WORK REQUEST: Every line from the opening of the records to the line with "2. 「LINE」をクリック" should be restated exactly, with both ends included and the pictures left out.
DATA RECORDS below:
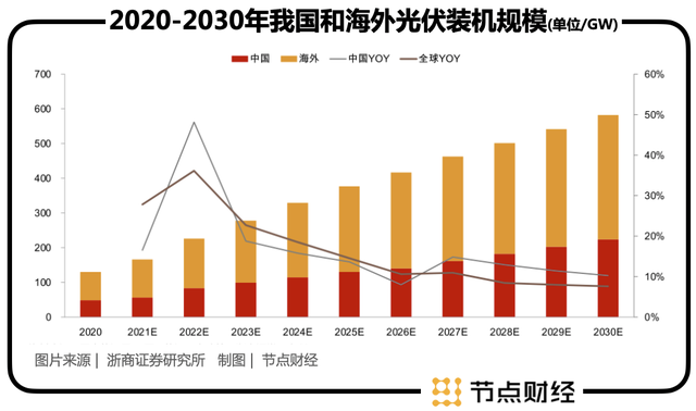 但2021終端還是發(fā)展的不及預(yù)期,但近期隨著硅料價(jià)格回落、產(chǎn)業(yè)鏈成本下降,以及風(fēng)光大基地項(xiàng)目、整縣推進(jìn)政策等需求支撐預(yù)計(jì)將帶動(dòng)2022年光伏終端需求復(fù)蘇。瑞銀預(yù)計(jì)2022年國(guó)內(nèi)光伏裝機(jī)將新增80GW。全球光伏新增裝機(jī)量預(yù)計(jì)至200GW。浙商證券預(yù)測(cè)見(jiàn)圖
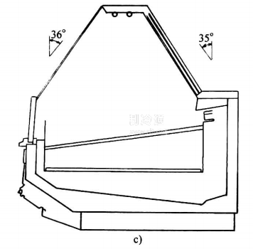 (2)島式(見圖26-7b)符號為D,具有敞開的上開口,貨物水平存放,冷風水平吹送。
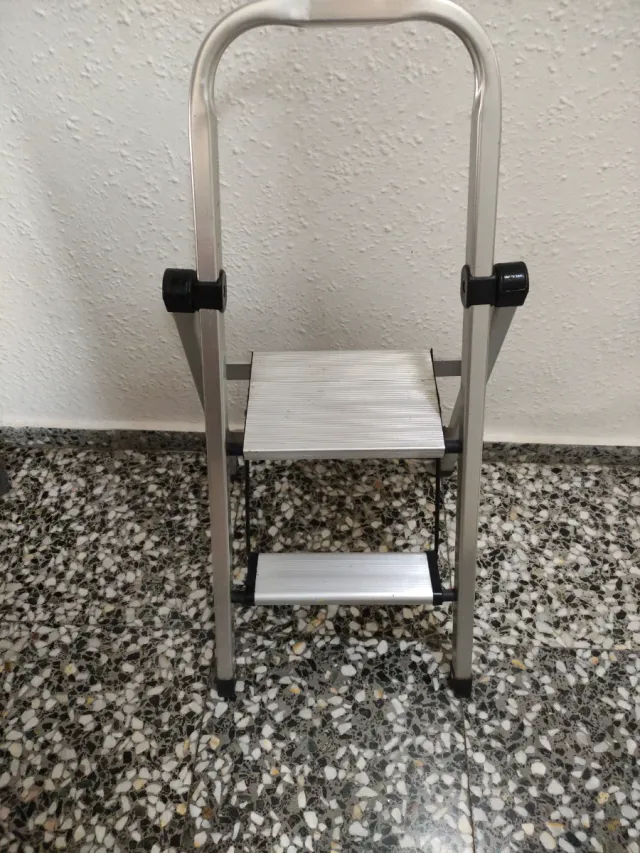 Práctica escalera de aluminio, ideal para tener en casa. - Diseño plegable para fácil almacenamiento. - Fabricada en aluminio ligero y resistente. - Dos peldaños antideslizantes.
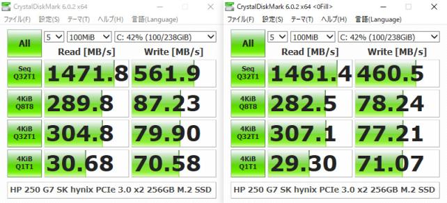 SSDは、PICe 3.0 x2のM2.SSDなので、超高速とはいきませんが、SATASSDより早く、充分満足できるスピードですし、会社で使うには、発熱の少ないX2辺りが丁度良いのではないかと思います。
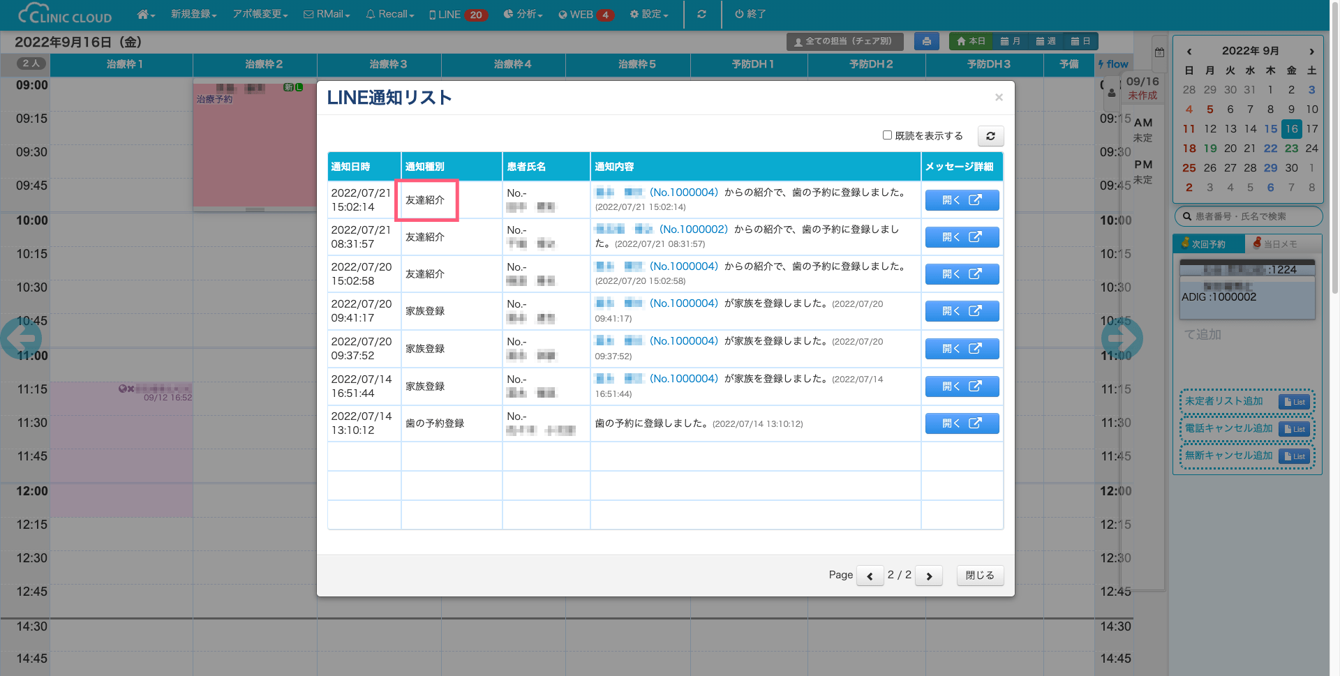 2. 「LINE」をクリックすると、通知リストが表示されます。「友達紹介」を受けた方は通知種別でご確認いただけます。
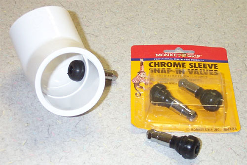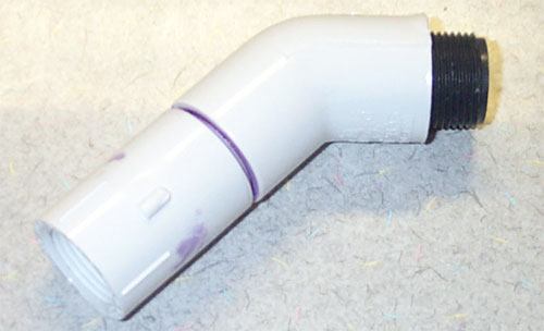 The placement of the air valve reflects my attempt to avoid small radii curves but leave the endcap valve-free to use as a stock. I settled on the left side of the 1.5" 45 bend as a reasonable location. Making sure to avoid the socket areas where the pipe and bushing will interfere, I drilled a 1/2" hole through the fitting and cleaned it up with sandpaper. A little silicon spray on the snap-in valve and a lot of pushing/tugging got it into place. No goop/epoxy/whatever required - the fit is airtight all by itself.
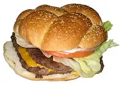 The Bacon Deluxe is a bacon-topped hamburger offered at international fast food chain Wendy's. It is Wendy's entry into the premium sandwich category, "something other hamburger chains have used to compete with fast-casual restaurants."[1] Burger King offers the Steakhouse XT Burger and McDonald's has had an Angus Third Pounder.[1] The Bacon Deluxe was launched with an extensive media campaign and priced at $3.99 for a single, $4.99 for a double and $5.99 for a triple, and is being launched alongside another Wendy's bacon sandwich: the Baconator.[1]
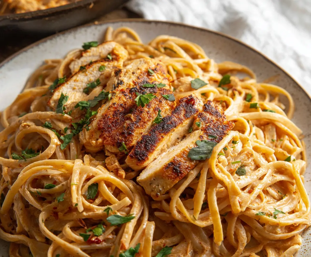 Delicious Bold and Cajun Chicken Spaghetti dish with spicy seasoning and creamy sauce on a plate.
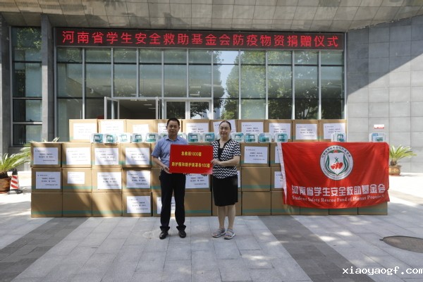 河南省新的社会阶层人士、基金会秘书长苏军辉代表基金会向我校捐赠防疫急救箱1000套、防护服和防护面罩各100套。河南省新的社会阶层人士、基金会学生发展委员会副主席、我校校友祝晓琳参加活动。
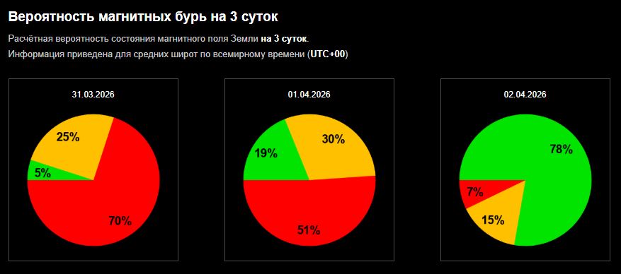 Что касается самой вспышечной активности, то она, безусловно, находится на стадии роста. Заметно, что интервал между двумя выбросами массы 28 и 30 марта составил всего двое суток. Если принять это за характерный цикл накопления энергии, то можно ожидать новый мощный взрыв уже завтра. Математические модели на такой короткий срок ненадёжны, однако сегодня они предсказывают около 20% вероятности новой вспышки X-класса.
End of DATA RECORDS.
WORKED SOLUTION:
 但2021終端還是發(fā)展的不及預(yù)期,但近期隨著硅料價(jià)格回落、產(chǎn)業(yè)鏈成本下降,以及風(fēng)光大基地項(xiàng)目、整縣推進(jìn)政策等需求支撐預(yù)計(jì)將帶動(dòng)2022年光伏終端需求復(fù)蘇。瑞銀預(yù)計(jì)2022年國(guó)內(nèi)光伏裝機(jī)將新增80GW。全球光伏新增裝機(jī)量預(yù)計(jì)至200GW。浙商證券預(yù)測(cè)見(jiàn)圖
 (2)島式(見圖26-7b)符號為D,具有敞開的上開口,貨物水平存放,冷風水平吹送。
 Práctica escalera de aluminio, ideal para tener en casa. - Diseño plegable para fácil almacenamiento. - Fabricada en aluminio ligero y resistente. - Dos peldaños antideslizantes.
 SSDは、PICe 3.0 x2のM2.SSDなので、超高速とはいきませんが、SATASSDより早く、充分満足できるスピードですし、会社で使うには、発熱の少ないX2辺りが丁度良いのではないかと思います。
 2. 「LINE」をクリックすると、通知リストが表示されます。「友達紹介」を受けた方は通知種別でご確認いただけます。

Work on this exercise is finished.